====== Data supplied ======
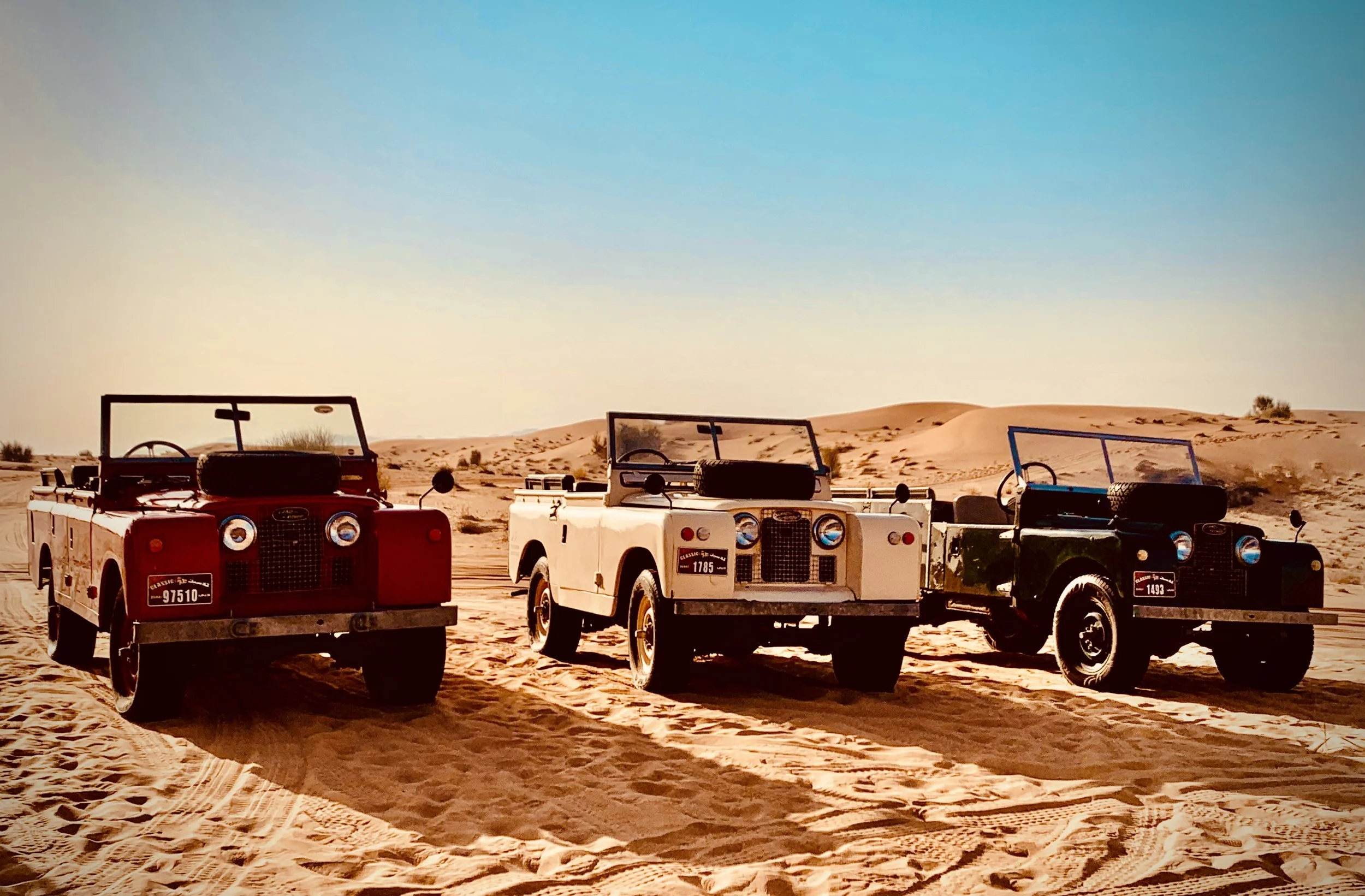 Three vintage off-road vehicles parked on desert sand with sand dunes and a clear blue sky in the background.
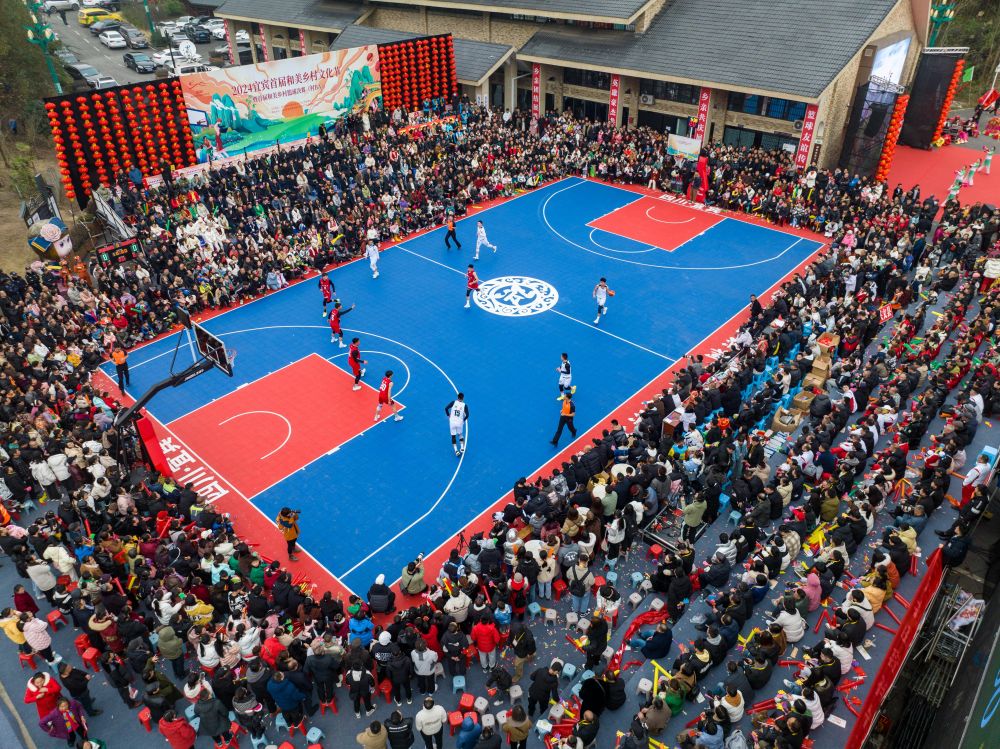 2024年1月29日,村民、游客在現(xiàn)場觀賽(無人機(jī)照片)。當(dāng)日,在四川省宜賓市珙縣巡場鎮(zhèn)三合村,2024宜賓首屆和美鄉(xiāng)村文化節(jié)暨首屆和美鄉(xiāng)村籃球決賽(村BA)舉行,同時,現(xiàn)場還舉行了非遺年貨購物節(jié)、消費券發(fā)放等活動,以賽事經(jīng)濟(jì)激發(fā)鄉(xiāng)村活力。新華社發(fā)(莊歌爾攝)
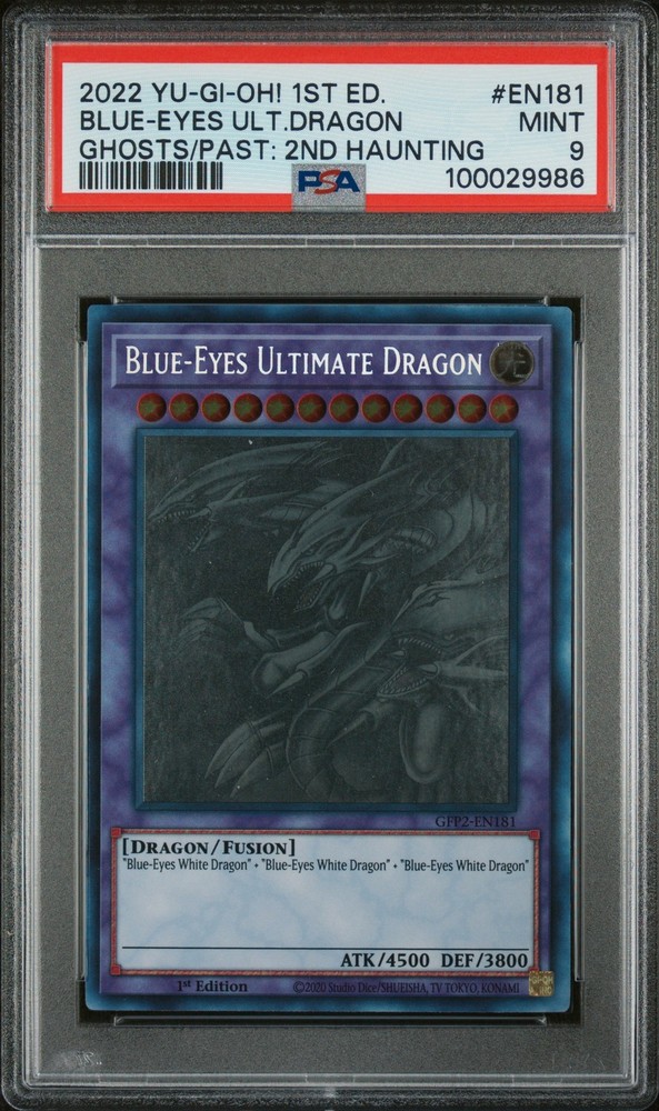 Step right into the realm of Yu-Gi-Oh! with this mesmerizing 2022 Blue-Eyes Ultimate Dragon card - Ghosts from the Past: The 2nd Haunting, a true gem for collectors worldwide. Card number EN181, this spectacular offering from the renowned Yu-Gi-Oh! brand is a force to be reckoned with. Graded a solid PSA 9, it's a testament to the impeccable condition and quality this card possesses. Embrace the fiery spirit of the Blue-Eyes Ultimate Dragon, a legendary creature that stands as a symbol of power and invincibility in the Yu-Gi-Oh! universe. The intricate design and stunning details of this card bring this iconic beast to life, making it a must-have addition to any serious collection. Its eerie ghost-like manifestation from the 2nd Haunting set adds an extra layer of intrigue and allure to the card, making it a unique variant of the classic Blue-Eyes Ultimate Dragon. This card isn't just a piece of trading card history, it's a piece of art, a treasure that encapsulates the thrilling world of duels and battles, of strategy and wit. Whether you're a die-hard Yu-Gi-Oh! fan, a seasoned collector, or simply someone who appreciates the beauty and craftsmanship of trading cards, this 2022 Blue-Eyes Ultimate Dragon card from the Ghosts from the Past: The 2nd Haunting set is sure to leave you spellbound. Don't miss the chance to own this spectacular card and let it take pride of place in your collection.
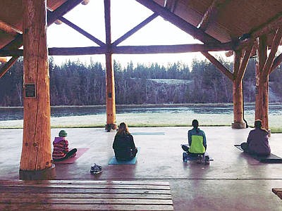 Libby area yoga instructor Danielle Spillman, who teaches a morning yoga class in Libby’s Riverfront Park, characterizes the park and its views as “awe-inspiring.”
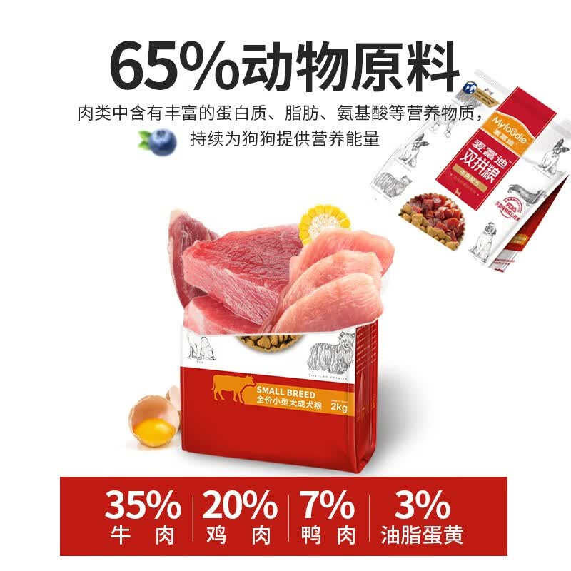 【狗主粮】麦富迪狗粮牛肉双拼天然粮主粮 添加牛肉粒 小型犬成犬粮 小型犬2kg
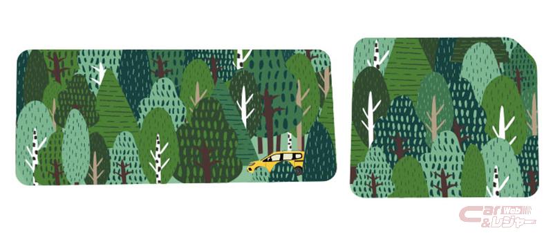 - デザイン種類:10種[木目、合板、ギンガムチェック、トリコロールフラッグ、カングー線画、フレンチブルドッグ、森、コンクリート&付属ステッカー、幾何学模様、花柄、イラストレーター松本セイジ氏による特別デザインステッカー(20セット限定)]
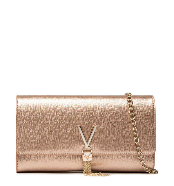 La borsa a tracolla della linea Divina di Valentino Bags è in pelle sintetica effetto saffiano.
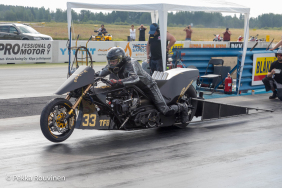 There was some nitro bike action including Top Fuel Bike rider Mikko Rajaniemi on the former Sverre Dahl/Norbert Kutzera/Kai Selkamaa Puma Yamaha and Samu Kemppainen his V60 engined Super Twin. The performance star was Vesa Lipponen, riding with Jaska Salakari doing the tuning. Vesa ran a best of 5.921/217.75mph on the Saturday. Video of this run is at this link.
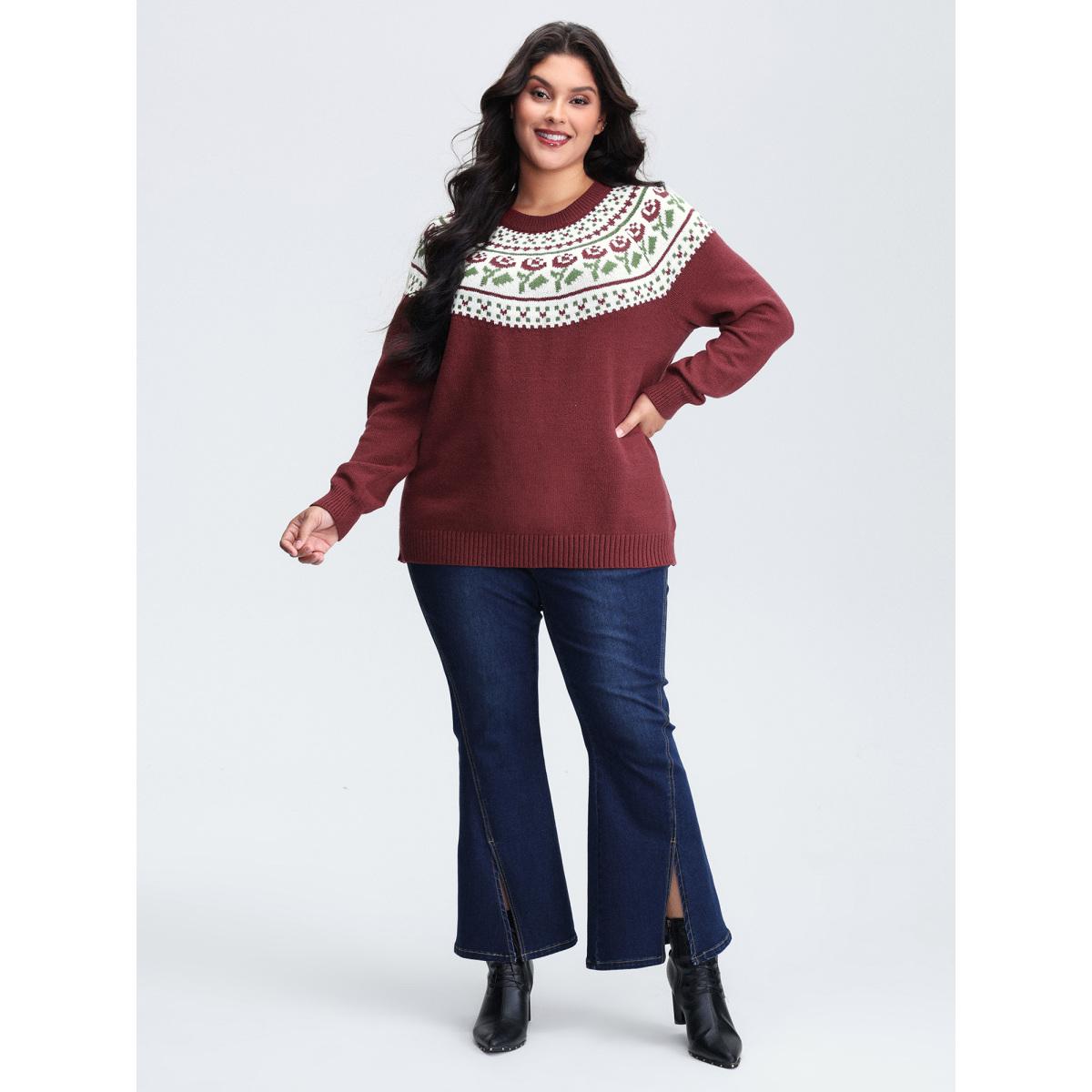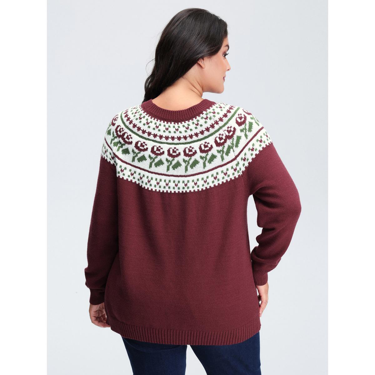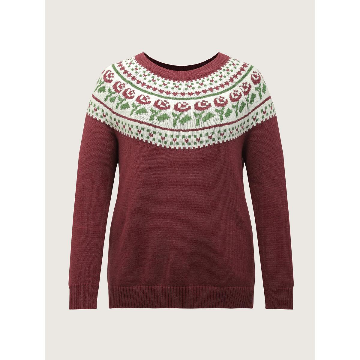 Plus Size Floral Fair Isle Raglan Sleeve Pullover Deepred Women Leisure Loose Long Sleeve Round Neck Casual Pullovers BloomChic 22-24/3X
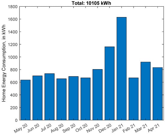 The annual energy consumption is shown in Figure 6. As expected, more energy is consumed in the winter, due to heating requirements. Air conditioning is sometimes used during the summer, but its operation is occasional and is not so relevant in terms of consumption.
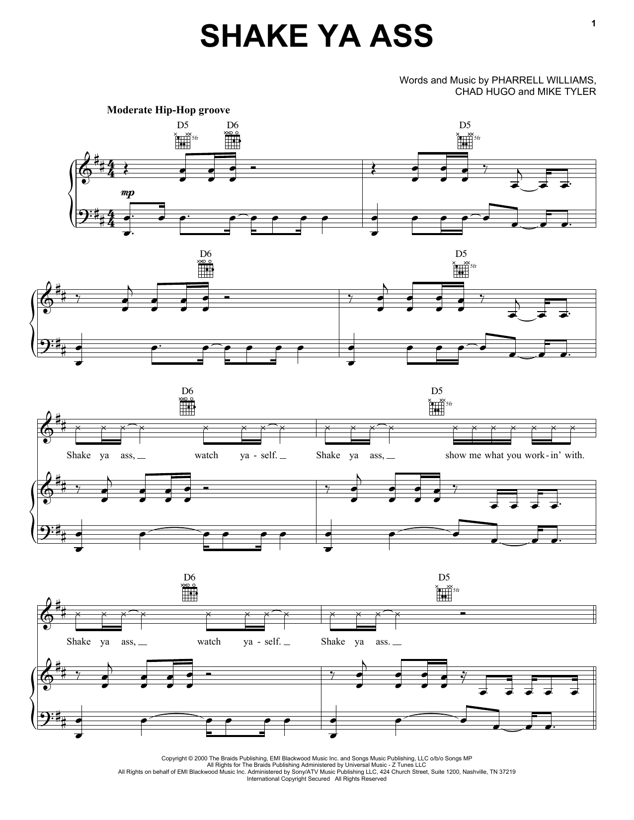 Download or print Mystikal Shake Ya Ass sheet music, chords and digital score arranged for Piano, Vocal & Guitar Chords (Right-Hand Melody). This Pop score includes 7 page(s).
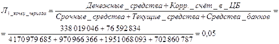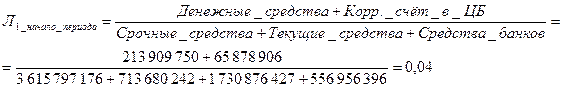 Коэффициент уровня «резервов первой очереди» Л1. Обозначает долю поступающих ресурсов, привлекаемых на срок и до востребования, обеспеченную первоклассными ликвидными средствами. Л1_рекоменд=0,03-0,07.
======
# What the task requires
Skip the pictures, then write out every entry exactly.

# Answer box
 Three vintage off-road vehicles parked on desert sand with sand dunes and a clear blue sky in the background.
 2024年1月29日,村民、游客在現(xiàn)場觀賽(無人機(jī)照片)。當(dāng)日,在四川省宜賓市珙縣巡場鎮(zhèn)三合村,2024宜賓首屆和美鄉(xiāng)村文化節(jié)暨首屆和美鄉(xiāng)村籃球決賽(村BA)舉行,同時,現(xiàn)場還舉行了非遺年貨購物節(jié)、消費券發(fā)放等活動,以賽事經(jīng)濟(jì)激發(fā)鄉(xiāng)村活力。新華社發(fā)(莊歌爾攝)
 Step right into the realm of Yu-Gi-Oh! with this mesmerizing 2022 Blue-Eyes Ultimate Dragon card - Ghosts from the Past: The 2nd Haunting, a true gem for collectors worldwide. Card number EN181, this spectacular offering from the renowned Yu-Gi-Oh! brand is a force to be reckoned with. Graded a solid PSA 9, it's a testament to the impeccable condition and quality this card possesses. Embrace the fiery spirit of the Blue-Eyes Ultimate Dragon, a legendary creature that stands as a symbol of power and invincibility in the Yu-Gi-Oh! universe. The intricate design and stunning details of this card bring this iconic beast to life, making it a must-have addition to any serious collection. Its eerie ghost-like manifestation from the 2nd Haunting set adds an extra layer of intrigue and allure to the card, making it a unique variant of the classic Blue-Eyes Ultimate Dragon. This card isn't just a piece of trading card history, it's a piece of art, a treasure that encapsulates the thrilling world of duels and battles, of strategy and wit. Whether you're a die-hard Yu-Gi-Oh! fan, a seasoned collector, or simply someone who appreciates the beauty and craftsmanship of trading cards, this 2022 Blue-Eyes Ultimate Dragon card from the Ghosts from the Past: The 2nd Haunting set is sure to leave you spellbound. Don't miss the chance to own this spectacular card and let it take pride of place in your collection.
 Libby area yoga instructor Danielle Spillman, who teaches a morning yoga class in Libby’s Riverfront Park, characterizes the park and its views as “awe-inspiring.”
 【狗主粮】麦富迪狗粮牛肉双拼天然粮主粮 添加牛肉粒 小型犬成犬粮 小型犬2kg
 - デザイン種類:10種[木目、合板、ギンガムチェック、トリコロールフラッグ、カングー線画、フレンチブルドッグ、森、コンクリート&付属ステッカー、幾何学模様、花柄、イラストレーター松本セイジ氏による特別デザインステッカー(20セット限定)]
 La borsa a tracolla della linea Divina di Valentino Bags è in pelle sintetica effetto saffiano.
 There was some nitro bike action including Top Fuel Bike rider Mikko Rajaniemi on the former Sverre Dahl/Norbert Kutzera/Kai Selkamaa Puma Yamaha and Samu Kemppainen his V60 engined Super Twin. The performance star was Vesa Lipponen, riding with Jaska Salakari doing the tuning. Vesa ran a best of 5.921/217.75mph on the Saturday. Video of this run is at this link.
 Plus Size Floral Fair Isle Raglan Sleeve Pullover Deepred Women Leisure Loose Long Sleeve Round Neck Casual Pullovers BloomChic 22-24/3X
 The annual energy consumption is shown in Figure 6. As expected, more energy is consumed in the winter, due to heating requirements. Air conditioning is sometimes used during the summer, but its operation is occasional and is not so relevant in terms of consumption.
 Download or print Mystikal Shake Ya Ass sheet music, chords and digital score arranged for Piano, Vocal & Guitar Chords (Right-Hand Melody). This Pop score includes 7 page(s).
 Коэффициент уровня «резервов первой очереди» Л1. Обозначает долю поступающих ресурсов, привлекаемых на срок и до востребования, обеспеченную первоклассными ликвидными средствами. Л1_рекоменд=0,03-0,07.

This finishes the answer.